In a section of our investor notes written at the end of February, I wrote about the rise of venture debt, arguing that they were staking claim to a fertile land left fallow by incumbent banks. By not lending to upstart innovators, banks had left an opening. There are multiple, legitimate reasons for this, of course. But in re-reading that note, I felt nostalgic for a statement I made. Describing the rise of venture debt, I argued that more hair has been lost to balding than to scalping. To the gradual ceding of territory, much more than to losses in full-frontal attacks, allowing disruptors to claim new territories.
We are now in April and one takes no pleasure in reporting that a scalping of unprecedented scale is underway. As investment bankers, we revel in the comfort that our models afford us. But there is no escaping the fundamental truth that we operate within a very narrow tolerance margin. Like a city built on an island at sea-level, we are designed to weather the tides, and the occasional hurricane counts for a known catastrophe: One we can weather. What we face now is instead a tsunami—one our way of life is not designed for—with waves that will splash ashore long after.
Our firm works with early-stage startups, so I will focus this article on their landscape.
2020 did not start on a great note: after a record funding year, there were signs that equity rounds were going to slow, and that valuations would get dearer. A piece I wrote here in November—the Three Ghosts of SoftBank—covered a flailing Vision Fund and its impacts. Elsewhere too, there were signs that unit economics was going to become of critical import, with funders increasingly unwilling to hold users acquired as a measure of success. This might largely have been an over-correction in response to the frenzy of the past few years, but there was no escaping the fact, as we rung in the new year, that the party was behind us.
Our expectations, nonetheless, from 2020 were sanguine. It was to be the year of course correction, when a number of businesses would tighten their belts. Funding—though at lower valuations—would largely continue for deserving startups. That is now set to change, both in the short and long term.

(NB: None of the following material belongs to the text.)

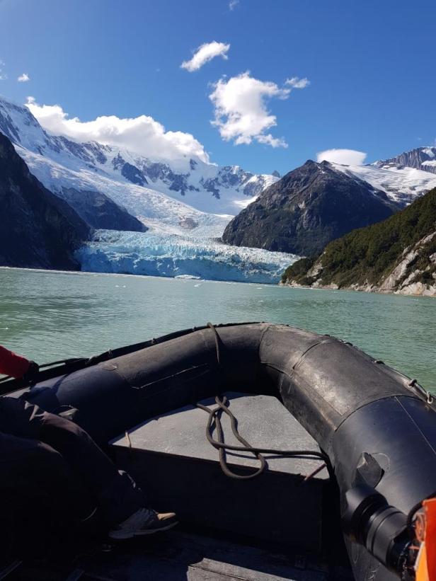 Navigation de nuit à travers le bras nord-ouest du canal de Beagle pour entrer et débarquer dans le fjord Pía. A 9h nous embarquons pour une excursion jusqu’au mirador d’où l’on peut observer le glacier du même nom, et sa langue principale qui s’étend du haut cordon montagneux jusqu’à l’océan.

In the short-term, almost everyone will be holding their breaths. Far too many business models face a fundamental disruption of close to zero consumption for VCs to inject fresh capital. Signed term-sheets are landing up in the icebox, to be revived when the post-crisis picture gets clearer. And those businesses that will get a fillip in consumption because of a highly confined home-bound lifestyle have yet to prove that these gains are maintainable. This is the time to wait, despite the fact that many entrepreneurs are willing to strike deals at lower valuations.
The other source of transactions—acquisitions—will largely come to a standstill for now. Deals that were well-cooked may still follow through, but those in earlier stages will find themselves in the same icebox. Not only because of the inherent instabilities of the environment, but also because most acquirers are seeing large scale erosion of capital in public markets, and may themselves be confronting existential questions. As the issuance of fresh commercial paper ceases and debt becomes dearer, the erosion in equity value may force several large acquirers—public and private—to redeploy their firepower towards holding the fort, rather than advancing in fresh territories.

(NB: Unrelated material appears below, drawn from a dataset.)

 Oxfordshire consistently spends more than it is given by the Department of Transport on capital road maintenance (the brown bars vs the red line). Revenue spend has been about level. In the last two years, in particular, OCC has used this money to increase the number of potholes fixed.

The long term effects of this disruption are harder to predict but almost every factor we evaluate points towards a slowdown. Timid equity markets, bottomed out interest rates with limited stimulation firepower available to central banks, shrinking debt markets, a precipitous drop in individual earnings and consumption, and rapidly disrupting oil prices all point to a fundamental, tectonic shift that will drastically redraw the landscape that emerges on the other side.
Thankfully though, it is not all bad news. This, more than ever before, is the great culling. What emerges will doubtless be stronger, and capable of weathering larger shocks. It is the time for long-term oriented, value investors to find deals priced in alignment to long term underlying value. Innovative debt funders will find the cream to lend to. And those who can supply capital in the short term will be able to bridge fundamentally strong companies towards finding long term value, and make attractive returns in the process.
Often, when the news is the worst, there is most value to be found. The great culling of 2020 is no different: This is a call to arms for value investors. Don’t be deterred by the gore, and be the wind in the sail for the champions of tomorrow. The resilient shall find fresh lands to plant their flags on once these waves recede.
The writer is the MD of Bexley Advisors - a boutique investment bank focused early stage deals in Tech and Media
The thoughts and opinions shared here are of the author.